#### Extracted records

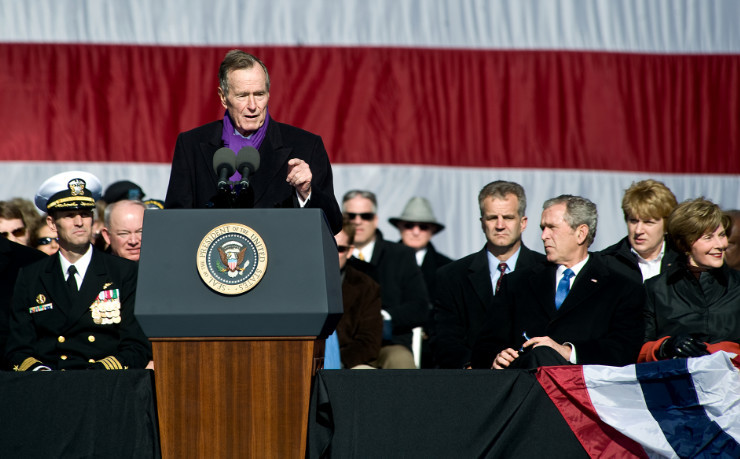 2009年1月10日,在美国弗吉尼亚州诺福克海军基地,前总统、乔治·H·W·布什在美国海军“乔治·H·W·布什”号航空母舰(CVN 77)的服役典礼上对观众讲话 图源:美国海军
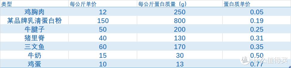 鸡胸是蛋白质单价最低的食物,也就是性价比最高的蛋白质补充食物。
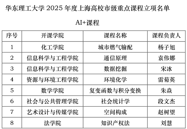 日前,2025年度上海高校市级重点课程立项名单公布,我校24门课程榜上有名。其中AI+课程8门,产教融合课程4门,紧缺急需人才领域课程4门,实验实训实践课程8门。截至目前,我校已有上海市本科重点课程334门。
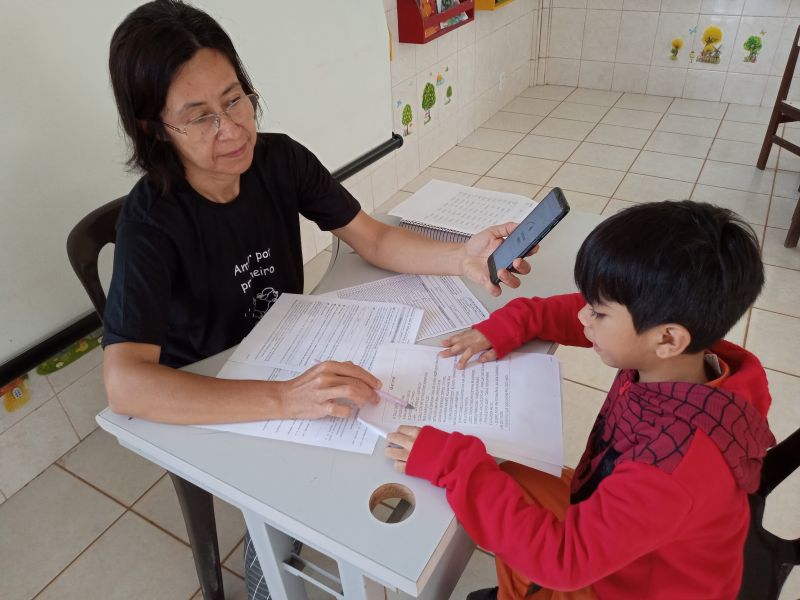 O teste é feito individualmente. A gravação da leitura do estudante é realizada por meio de um aplicativo do Centro de Políticas Públicas e Avaliação da Educação (CAEd), acompanhado do professor, que depois é enviada para correção e análise.
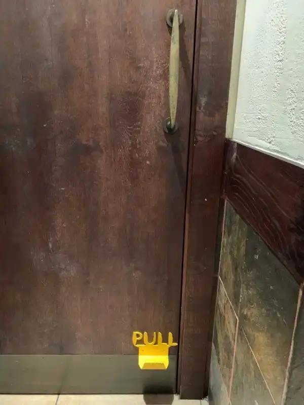 В нашем местном ресторане на двери в туалете есть приспособление, чтобы открыть её, не пачкая руки
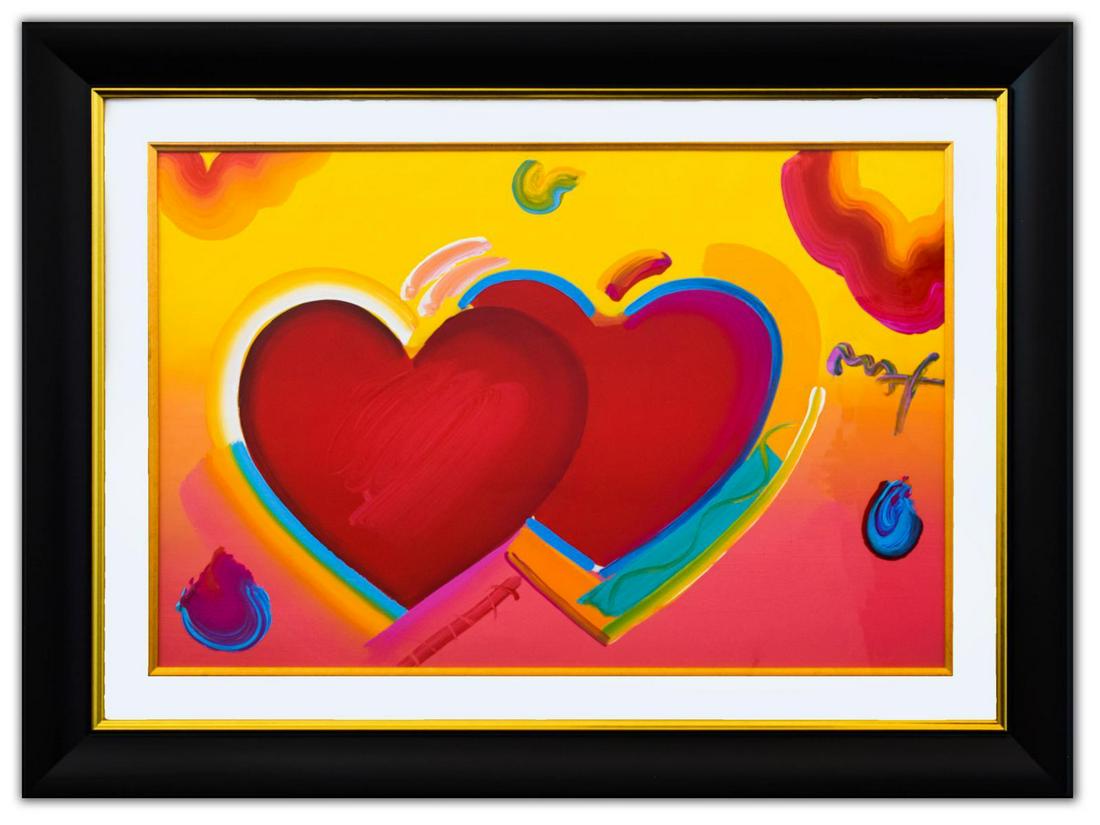 Peter Max- Original Mixed Media "Two Hearts As One"

########

Aim of the exercise => Everything from the opening line of the data through the line with "日前,2025年度上海高校市" should be repeated exactly; leave the pictures out.

Task output =>
 2009年1月10日,在美国弗吉尼亚州诺福克海军基地,前总统、乔治·H·W·布什在美国海军“乔治·H·W·布什”号航空母舰(CVN 77)的服役典礼上对观众讲话 图源:美国海军
 鸡胸是蛋白质单价最低的食物,也就是性价比最高的蛋白质补充食物。
 日前,2025年度上海高校市级重点课程立项名单公布,我校24门课程榜上有名。其中AI+课程8门,产教融合课程4门,紧缺急需人才领域课程4门,实验实训实践课程8门。截至目前,我校已有上海市本科重点课程334门。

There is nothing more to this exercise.